Primary sclerosing cholangitis (PSC) is a disorder of unknown etiology that is characterized by a progressive, inflammatory, sclerosing, and obliterative process affecting medium-sized and large extrahepatic or intrahepatic bile ducts, or both. A vast majority of patients (prevalence rates range from 70% to 90%) have underling inflammatory bowel disease, especially ulcerative colitis. PSC has also been associated (although rarely) with multifocal fibrosclerosis syndromes such as retroperitoneal, mediastinal, and periureteral fibrosis. In retrospect, it appears that some of these latter cases actually represented patients with autoimmune pancreatitis and bile duct strictures masquerading as PSC.

The median survival of patients with PSC from time of diagnosis to death in several series has ranged from 9 to 12 years. Late in the course of the disease, complete biliary obstruction, secondary biliary cirrhosis, portal hypertension with bleeding varices, liver failure, and development of cholangiocarcinoma may occur.

A. Symptoms and Signs

Patients with PSC are often asymptomatic at the time of diagnosis. The disorder is often suspected in patients with inflammatory bowel disease who have a persistent and other-wise unexplained abnormal elevation in serum alkaline phosphatase (ie, values at least two times the upper limit of normal), and with abnormal values persisting for longer than 6 months. Asymptomatic patients with persistent elevations of serum alkaline phosphatase are often screened for PSC, and many actually turn out to have the disease.

Symptomatic patients who have PSC often present with signs and symptoms of chronic biliary obstruction, right upper quadrant abdominal pain, pruritus, jaundice, and acute cholangitis. Fatigue and pruritus are common features at presentation.

B. Laboratory Findings

Liver tests usually demonstrate a cholestatic pattern, with serum alkaline phosphatase disproportionately elevated to levels 4–10 times normal and serum aminotransferase that is usually 300 IU/L or less. Serum albumin and globulin levels are usually normal except in patients with advanced disease. As noted later, in the discussion of differential diagnosis, the presence of positive tests for antinuclear antibodies or smooth muscle antibodies, or both, should raise the suspicion of PSC–autoimmune hepatitis (AIH) overlap syndrome.

C. Imaging Studies

The diagnosis of PSC is usually established by demonstration of the characteristic multifocal stricturing with normal and/or dilated areas of intrahepatic or extrahepatic bile ducts, or both, on cholangiography. The typical appearance reveals narrowing and beading of the bile ducts (Figure 53–1). These abnormalities can be demonstrated by either MRCP or ERCP. MRCP is currently preferred as it is a noninvasive procedure and does not carry the risk of either pancreatitis or cholangitis. The vast majority of patients (~85%) have both intrahepatic and extrahepatic bile duct strictures, approximately 10–15% have intrahepatic bile duct strictures alone, and 2–4% have extrahepatic biliary strictures alone.

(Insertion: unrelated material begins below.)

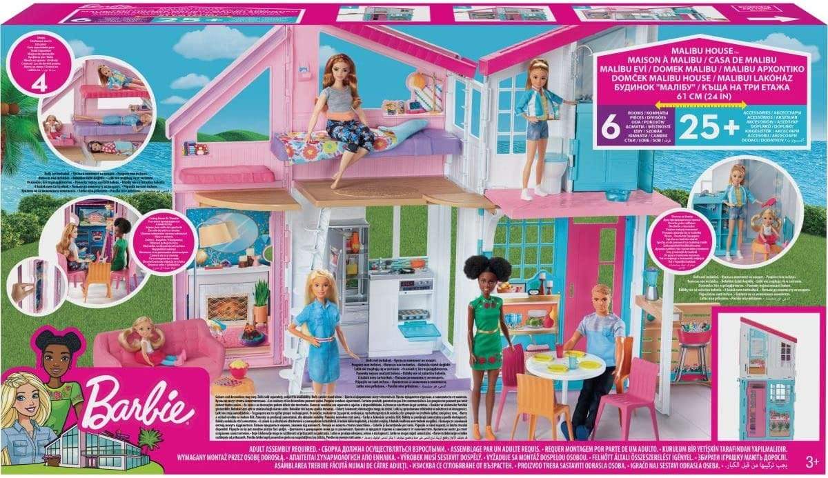 This portable Barbie® townhouse encourages imaginations to move right in with cool transformations and lots of storytelling pieces. Open to reveal a two-story dollhouse with so many play spaces and double-the-fun features! The living room converts to a home movie theatre, a smoothie bar pops up in the kitchen and a bunk bed surprises with room for guests. Classic features are there, too: the bathroom has a toilet with sink, shower and working lid on the toilet; the fridge and oven open in the kitchen; and a fence piece sports a grill decal to bring the play outside. Additional furniture (like a table and chair) and smaller accessories (like place settings and a game board) engage kids in storytelling and exploration. Some pieces have handles a doll can hold and/or are designed with plug-and-play features that make it easy to clean up, close and go. Doll not included.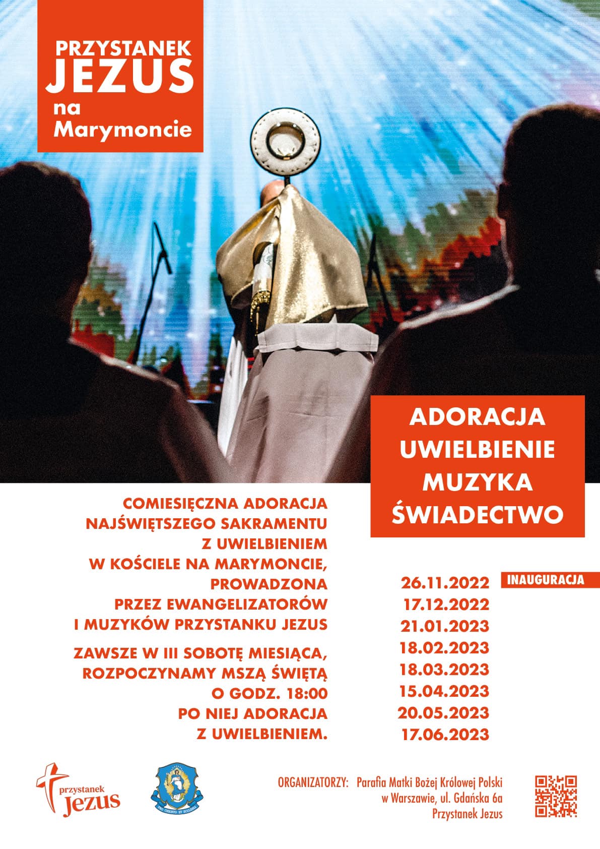 Jako wspólnota modlitewno – ewangelizacyjna wychodzimy do innych ludzi również z propozycją wspólnej modlitwy. Raz w miesiącu pragniemy stanąć w jedności z całą Wspólnotą Kościoła i wspólnie uwielbiać naszego Boga. Spotkanie otwiera Eucharystia, a po niej rozpoczyna się trwające do godz. 20.00 spotkanie z rozbudowaną modlitwą uwielbienia a na zakończenie błogosławieństwo indywidualne Najświętszym Sakramentem.

It should be emphasized that patients with small duct PSC do not demonstrate cholangiographic abnormalities. In these patients, diagnosis is suspected on the basis of an elevated serum alkaline phosphatase level and established by a liver biopsy in conjunction with other clinical features.

D. Histologic Findings

Liver biopsy findings often support the diagnosis of PSC. The most characteristic histologic finding is fibrous obliteration of small bile ducts with concentric replacement by connective tissue in an “onion skin” pattern (Plate 99). More often, histologic abnormalities in PSC are nonspecific and may be similar to those seen in primary biliary cirrhosis.

PSC is frequently staged according to the histopathologic findings. In stage 1 disease, there is enlargement, mononuclear cell infiltration, and scarring in the portal triads. Stage 2 disease is characterized by fibrosis extending into the surrounding parenchyma, stage 3 by bridging fibrosis, and stage 4 by cirrhosis (Figure 53–2).